In a city that cloaks itself in art, we are spoiled for choice. Our options do not stop at Basel’s borders, either. Last Friday evening, the exhibition Pop Art Design opened at the Vitra Design Museum in Weil am Rhein, Germany for a four-month run. The show is packed with images that reflect a generation’s evolving sense of cultural identity, and coincides with the fiftieth anniversary of the Pop Art movement that began in New York.
Weil am Rhein, Copenhagen, Stockholm: a co-production
At the opening reception, Vitra Museum Director Mateo Kreis described the concept and layout for the exhibition, which for the first time, presents art and design in dialog with each other. Altogether the show unites some 140 works, half of them artworks and half design objects, supplemented with photographs, documents, films and texts. Many of the artworks come from the collections of Denmark’s Louisiana Museum of Modern Art and Sweden’s Moderna Museet, co-producers of the exhibition. Most of the design objects are from the collections of the Vitra Design Museum, whose curator Mathias Schwartz-Clauss conceived the exhibition. Pop Art Design will travel to Copenhagen, then Stockholm in 2013.
Artworks & objects in dialog
The dynamic relationship between Pop Art and design is presented thematically, juxtaposing utilitarian objects that double as sculptural symbols with images and things that can represent each other.

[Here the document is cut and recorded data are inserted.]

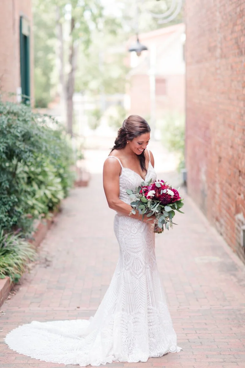 Ceremony Location: The Sunrise Theater//Event Venue: 305 Trackside//Cake Designer:C Cups Cakery//Shoes: TOMS.com//Dress Store: New York Bride and Groom of Raleigh//Cinema and Video: Sandhills Videography//Caterer: The Leadmine//Lighting: Ward Productions//Beauty: Retro Studio//Floral Designer: Jack Hadden Floral and Event//Photographer: Jennifer B. Photography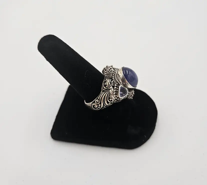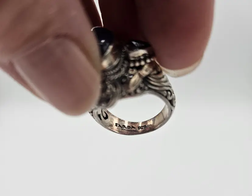 Wow! This ring size 7 is beautiful. Marked Sarda 925. Not tested and weighs 12 grams.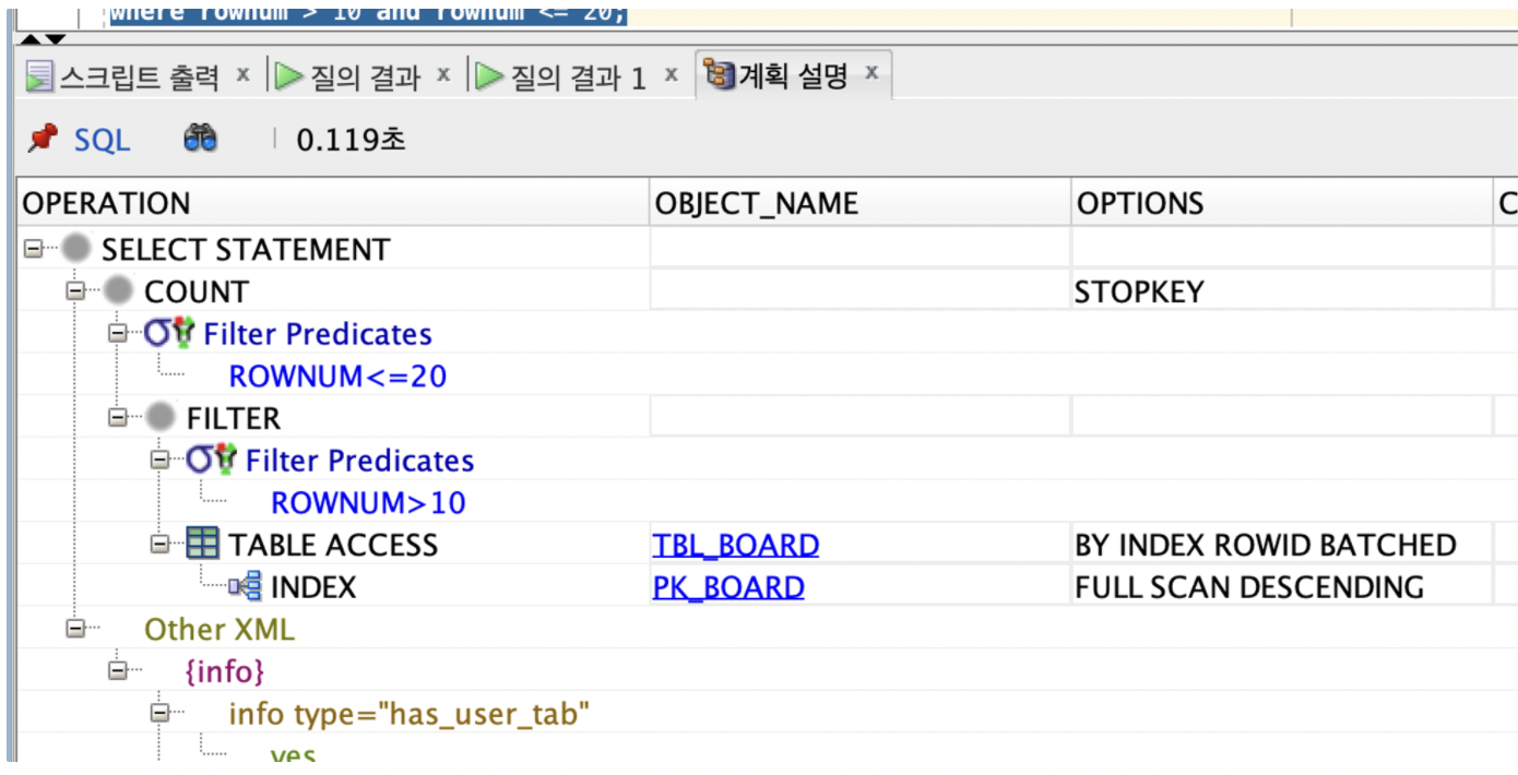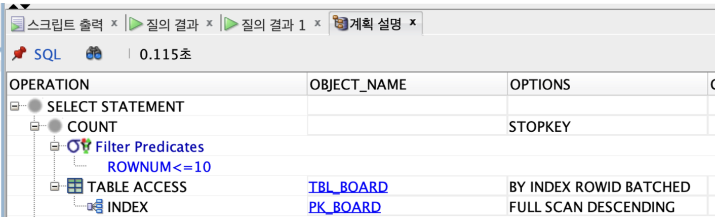 이때 실행 계획을 통해 PK_BOARD 인덱스를 역순으로 접근하는 것을 확인할 수 있다.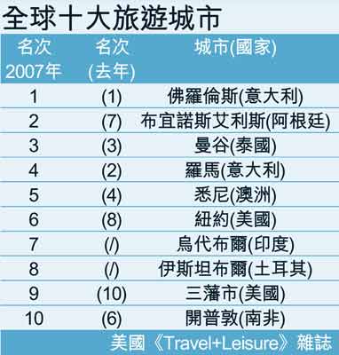 中國(guó)日?qǐng)?bào)網(wǎng)環(huán)球在線消息:美國(guó)《Travel+Leisure》旅游雜志昨天公布“2007年全球十大最佳城市”及“全球百大最佳酒店”排行榜,意大利佛羅倫斯今年蟬聯(lián)最佳旅游城市首位,香港及北京仍受各地旅客愛戴,兩地分列亞洲區(qū)最佳旅游城市的第7位及第10位。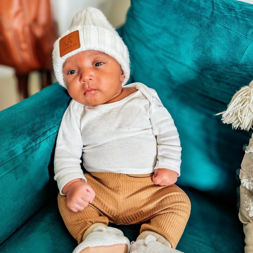 Our satin-lined ribbed knit beanies combine plush, cold-weather warmth with gentle hair protection. The luxe outer knit keeps your baby warm and stylish, while the silky satin lining prevents hair dryness and frizz that leads to breakage and damage during the colder seasons. Perfect for playtime, strolls, or chilly outings.

Andy Warhol was a graphic designer in advertising before he became a celebrated artist: at the Vitra, Warhol’s Coca Cola stool sits in front of a 1950s-era Coke vending machine. An early Warhol screen, displayed in the same room, is a highlight of the show.
Window displays on New York’s Fifth Avenue provided a frame for early masterpieces of such artists as Jasper Johns and Robert Rauschenberg, and the evidence for that is here on show, too, snugged up against Richard Hamilton’s “Gold Guggenheim” on an adjacent wall.
I found drama aplenty in the exhibition. A print from Warhol’s Mao series discusses politics with Studio65’s “Leonardo” sofa (1969), at center stage in the exhibition. Across the room Claes Oldenburg’s “Fagend Study” (1968) snares the spotlight. Upstairs, Roy Lichtenstein’s “Yellow Brushstroke” (1965) harmonizes with a Herman Miller sofa in the same color palette. Nearby, Studio65’s “Bocca” (1970), a sofa of bright red lips, anchors a grouping of works epitomizing the sexualized mood of the Pop Art era.
The show presses the museum’s eclectic space to its maximum, presenting works in nooks and crannies, as well as in the building’s larger rooms. Tupperware containers (!) in a glass case face a line of black and white photographs showing a past generation’s efforts to the envision home and personal technology designs of the future. Through this and other juxtapositions, it is suddenly clear how everyday life first came under the still-dominant influence of pop culture.
A Vitra show that is bold, intimate and fun!
Pop Art and Design: Beyond the exhibition
Vitra’s related programming through the exhibition’s run includes talks with artists and curators, film showings, and musical performances in the exhibition space, even an opportunity to play at being Warhol with Polaroid cameras. Look for parallel presentations on Pop Art at the Fondation Beyeler in Riehen, and at Kunstmuseum Basel.